_Problem details_:
Set down the listing exactly as given, minus images.
---------- Recorded data
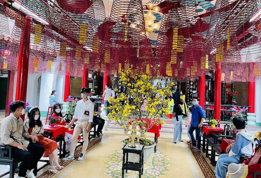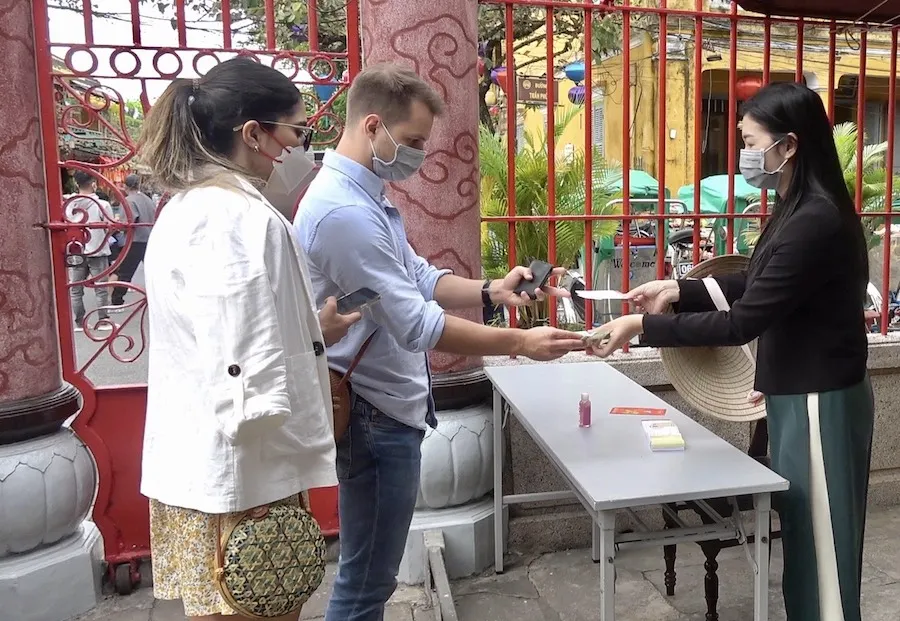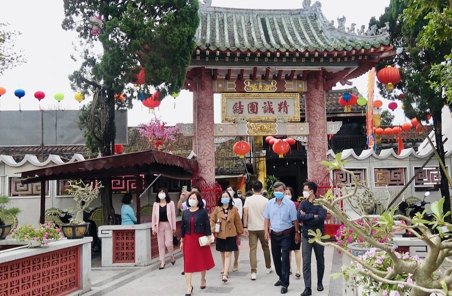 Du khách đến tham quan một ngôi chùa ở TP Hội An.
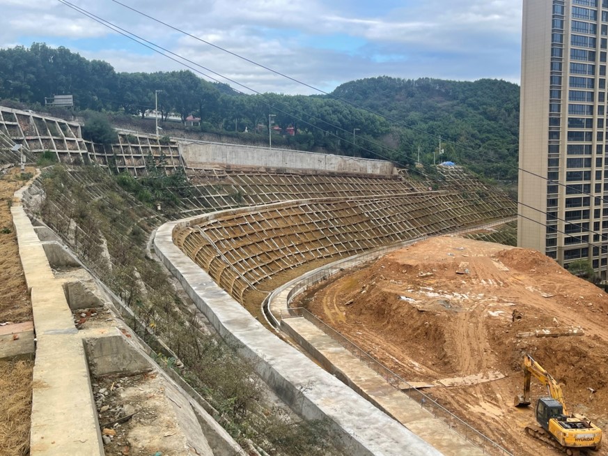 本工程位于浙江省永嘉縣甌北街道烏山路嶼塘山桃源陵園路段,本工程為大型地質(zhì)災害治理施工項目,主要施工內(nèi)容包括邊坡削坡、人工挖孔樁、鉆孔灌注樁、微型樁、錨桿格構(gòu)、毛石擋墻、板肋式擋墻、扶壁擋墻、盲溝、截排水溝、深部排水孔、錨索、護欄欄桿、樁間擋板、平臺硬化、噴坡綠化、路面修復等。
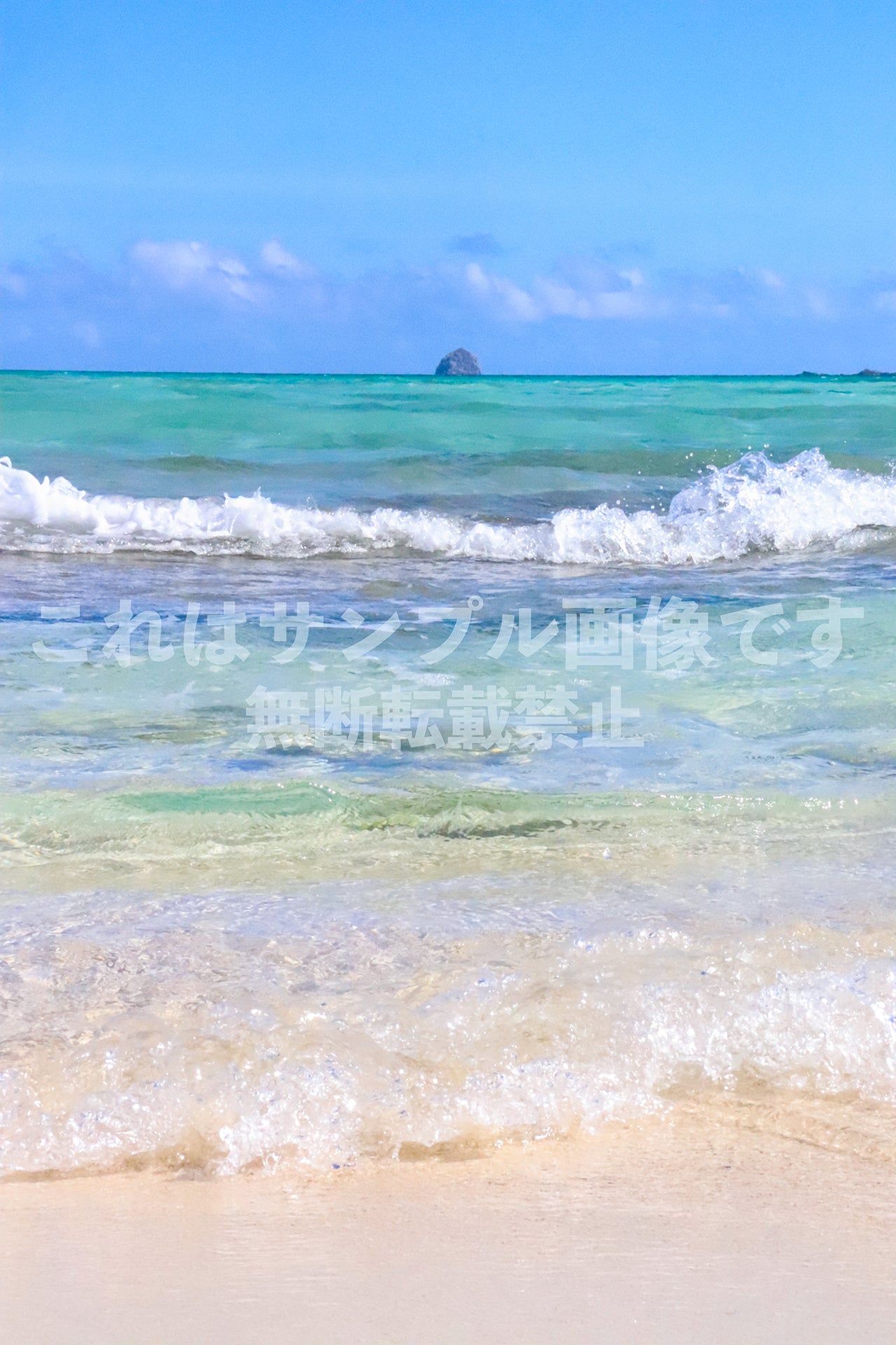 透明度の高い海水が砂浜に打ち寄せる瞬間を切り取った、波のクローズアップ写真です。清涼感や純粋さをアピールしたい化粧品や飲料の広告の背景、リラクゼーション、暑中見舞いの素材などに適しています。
--------------------
_Response to this exercise_:
 Du khách đến tham quan một ngôi chùa ở TP Hội An.
 本工程位于浙江省永嘉縣甌北街道烏山路嶼塘山桃源陵園路段,本工程為大型地質(zhì)災害治理施工項目,主要施工內(nèi)容包括邊坡削坡、人工挖孔樁、鉆孔灌注樁、微型樁、錨桿格構(gòu)、毛石擋墻、板肋式擋墻、扶壁擋墻、盲溝、截排水溝、深部排水孔、錨索、護欄欄桿、樁間擋板、平臺硬化、噴坡綠化、路面修復等。
 透明度の高い海水が砂浜に打ち寄せる瞬間を切り取った、波のクローズアップ写真です。清涼感や純粋さをアピールしたい化粧品や飲料の広告の背景、リラクゼーション、暑中見舞いの素材などに適しています。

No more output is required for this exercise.